Cathy Girard, an Environmental Coordinator who was on-scene when the spill was discovered.

Cathy: It was in the morning and I was in my office at the pump station. I heard the radio call when JB Johnson said, “Control room, we have crude oil in the booster pump building.” I heard that, and it was dead silence on the radio. I listened. I was waiting. And eventually I ended up making it into the control room. I asked, “Is this for real?” Yeah, it was real. I called my supervisor Jim Lawler and let him know. He said, “Do you think you’ll need any help?” I said, “I think we’ll be OK.” Wrong answer. It got bigger.

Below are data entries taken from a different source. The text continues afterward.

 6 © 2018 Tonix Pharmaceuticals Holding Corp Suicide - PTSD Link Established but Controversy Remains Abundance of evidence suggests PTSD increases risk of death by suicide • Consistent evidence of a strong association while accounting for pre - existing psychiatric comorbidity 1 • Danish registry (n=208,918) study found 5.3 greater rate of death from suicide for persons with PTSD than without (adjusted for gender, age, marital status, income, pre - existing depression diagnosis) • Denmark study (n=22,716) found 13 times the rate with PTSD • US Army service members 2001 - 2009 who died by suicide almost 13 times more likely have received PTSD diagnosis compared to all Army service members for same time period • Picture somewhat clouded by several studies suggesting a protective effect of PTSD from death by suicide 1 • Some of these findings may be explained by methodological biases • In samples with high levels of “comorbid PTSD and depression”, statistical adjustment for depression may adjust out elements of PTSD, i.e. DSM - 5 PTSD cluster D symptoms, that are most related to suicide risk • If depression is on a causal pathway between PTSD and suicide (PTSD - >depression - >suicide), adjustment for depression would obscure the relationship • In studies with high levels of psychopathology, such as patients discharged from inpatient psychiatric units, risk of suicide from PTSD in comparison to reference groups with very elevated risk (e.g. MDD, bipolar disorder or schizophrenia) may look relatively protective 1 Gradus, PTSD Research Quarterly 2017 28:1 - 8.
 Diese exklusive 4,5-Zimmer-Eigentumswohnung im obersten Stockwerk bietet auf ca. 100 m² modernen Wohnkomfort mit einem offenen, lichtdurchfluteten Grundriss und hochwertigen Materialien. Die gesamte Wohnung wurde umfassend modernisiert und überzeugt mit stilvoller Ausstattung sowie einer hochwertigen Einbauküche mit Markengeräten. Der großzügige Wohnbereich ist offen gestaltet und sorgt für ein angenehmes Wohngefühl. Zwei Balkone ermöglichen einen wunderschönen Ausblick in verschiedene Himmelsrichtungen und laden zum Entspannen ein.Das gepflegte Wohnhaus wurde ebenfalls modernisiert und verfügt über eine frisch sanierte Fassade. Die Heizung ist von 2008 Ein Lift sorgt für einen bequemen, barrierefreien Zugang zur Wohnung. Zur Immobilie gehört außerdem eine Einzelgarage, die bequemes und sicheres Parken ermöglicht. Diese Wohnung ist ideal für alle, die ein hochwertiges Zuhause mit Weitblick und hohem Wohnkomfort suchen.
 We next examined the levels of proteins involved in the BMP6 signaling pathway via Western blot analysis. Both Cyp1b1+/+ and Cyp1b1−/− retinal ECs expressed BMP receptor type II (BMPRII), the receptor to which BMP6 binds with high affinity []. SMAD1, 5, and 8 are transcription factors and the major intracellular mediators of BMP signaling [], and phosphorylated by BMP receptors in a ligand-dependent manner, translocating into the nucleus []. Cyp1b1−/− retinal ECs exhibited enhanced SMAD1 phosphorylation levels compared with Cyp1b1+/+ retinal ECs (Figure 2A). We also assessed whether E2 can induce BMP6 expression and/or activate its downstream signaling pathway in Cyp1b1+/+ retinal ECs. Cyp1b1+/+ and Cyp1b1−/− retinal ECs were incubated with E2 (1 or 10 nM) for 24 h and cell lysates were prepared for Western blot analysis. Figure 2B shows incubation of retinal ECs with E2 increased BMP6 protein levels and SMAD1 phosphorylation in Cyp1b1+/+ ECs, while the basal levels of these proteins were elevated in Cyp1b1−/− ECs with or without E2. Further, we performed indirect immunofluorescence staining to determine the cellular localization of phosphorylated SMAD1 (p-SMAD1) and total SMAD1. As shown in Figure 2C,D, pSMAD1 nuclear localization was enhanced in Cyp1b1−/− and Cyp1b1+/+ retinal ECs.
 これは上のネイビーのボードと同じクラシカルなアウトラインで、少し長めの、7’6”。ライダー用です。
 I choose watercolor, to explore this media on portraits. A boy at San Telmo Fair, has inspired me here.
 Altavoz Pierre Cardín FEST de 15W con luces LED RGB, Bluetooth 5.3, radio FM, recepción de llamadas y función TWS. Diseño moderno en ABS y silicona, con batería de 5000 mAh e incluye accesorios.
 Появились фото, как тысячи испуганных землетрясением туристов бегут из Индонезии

John: I was at home. It was a Saturday morning and (Pump Station 1 Supervisor) Rick Larsen calls me up. He said, “Hey John, we’ve got a problem. We’ve got oil coming into the booster pump house basement.” I thought about that for a second and said, “Say that again, Rick.” He said, “We’ve got a small stream of oil flowing into the booster pump house basement.” How can that be? We talked about it, and I said, “Well it’s got to be coming from upstream. It’s got to be a small leak in the buried pipeline.” I made sure Rick called OCC and I think we shut down the pipeline within the hour.

Brendan: I was actually off-shift in Fairbanks. It was a Saturday, and I was getting ready to go skiing, and I got a call from John Baldridge. He said, “We’ve got an incident going at Pump 1, we have a charter going up this afternoon, be prepared to be on it. And we’re starting meetings here this morning.”

Mike M: I was at Tozier Track on Tudor Road of all places – my daughter was doing a junior mushing race. My supervisor Dan Roberts gave me a call, and said we had a spill at Pump Station 1 and he needed me to come into the Operations Control Center (OCC). I was at the track with a truck full of dogs and a middle school daughter expecting to race. Because little was yet known about the nature of the event and because her start time was only minutes away, we let her race (she finished third!), and then we quickly loaded the dogs and sled, took everyone home, and then I headed for OCC.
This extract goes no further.